The BSP must define the values of a number of constants that deal with the number and locations of the screens and buffer supported..
Name of Constant | Function
--------------------| ----------------------------------------------------------
BUFFER_MEM_START | This is where the area of RAM allocated to blocks begins
MAX_RAM_BUFFERS | Number of buffers allocated by this BSP. **A buffer is
| made up of an attribute word plus a 1024 edit area (for a
| total of 1028 bytes)**
BLOCK_STORAGE_FLASH | This is where the Flash allocated to blocks begins
MAX_FLASH_BLOCKS | Number of screens supported by this BSP
For the BSP to support the screen editor two words must be added.
- blk-rd ( dest blk# --- ) Read b/buf bytes from a given block placing the
data read in
dest
. - blk-wr ( src blk# --- ) Writes b/buf bytes to a flash block with the
data coming from memory starting at address
src
.
Significant changes are required to port this code to Cortex-M0 devices.

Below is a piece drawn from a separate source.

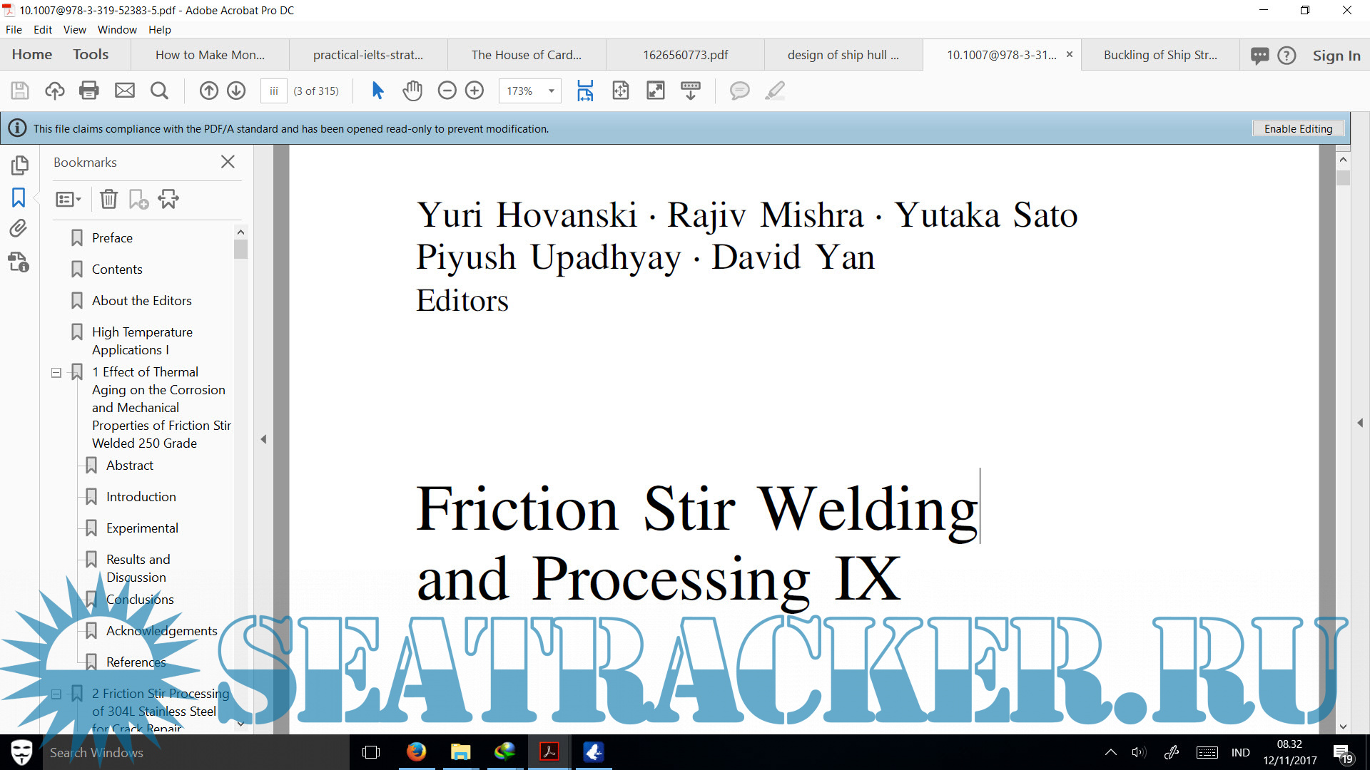 Year: 2017 Language: english Author: Yuri Hovanski Genre: Textbook Publisher: Springer Edition: 1st ISBN: 978-3319523828 Format: PDF Quality: OCR without errors Pages count: 315 Description: This books presents a current look at friction stir welding technology from application to characterization and from modeling to R&D. It is a compilation of the recent progress relating to friction stir technologies including derivative technologies, high-temperature applications, industrial applications, dissimilar alloy/materials, lightweight alloys, simulation, and characterization. With contributions from leaders and experts in industry and academia, this will be a comprehensive source for the field of Friction Stir Welding and Processing.

The entire inner interpreter must be rewritten because in order to optimize the code produced the Cortex-M3 implementation relies on addressing modes that are not available on the Cortex-M0 cores.
Specifically, the CortexForth NEXT code is simply:
ldr pc, [IPP], #4
Using the PC as a target address for an LDR operation is not allowed by the Cortex-M0 architecture. Also, the register update is also not allowed.
The same applies to the macro that implement the code that stores or retrieves data to/from the parameter and return stacks, which is:
.macro PUSHH, what, from_where
str \what, [\from_where], 4
.endm
In this case the register update (post-increment) after the str
instruction is not supported by Cortex-M0 and needs to be implemented with
addtitional instructions.
In addition to this, all the assembler code that relies on IT instructions has to also be rewritten as IT is not supported by the COrtex-M0.
That said, a port to Cortex-M0 would be extremely useful in that this Forth implmentation is all the more useful on smaller devices with very limited memory areas.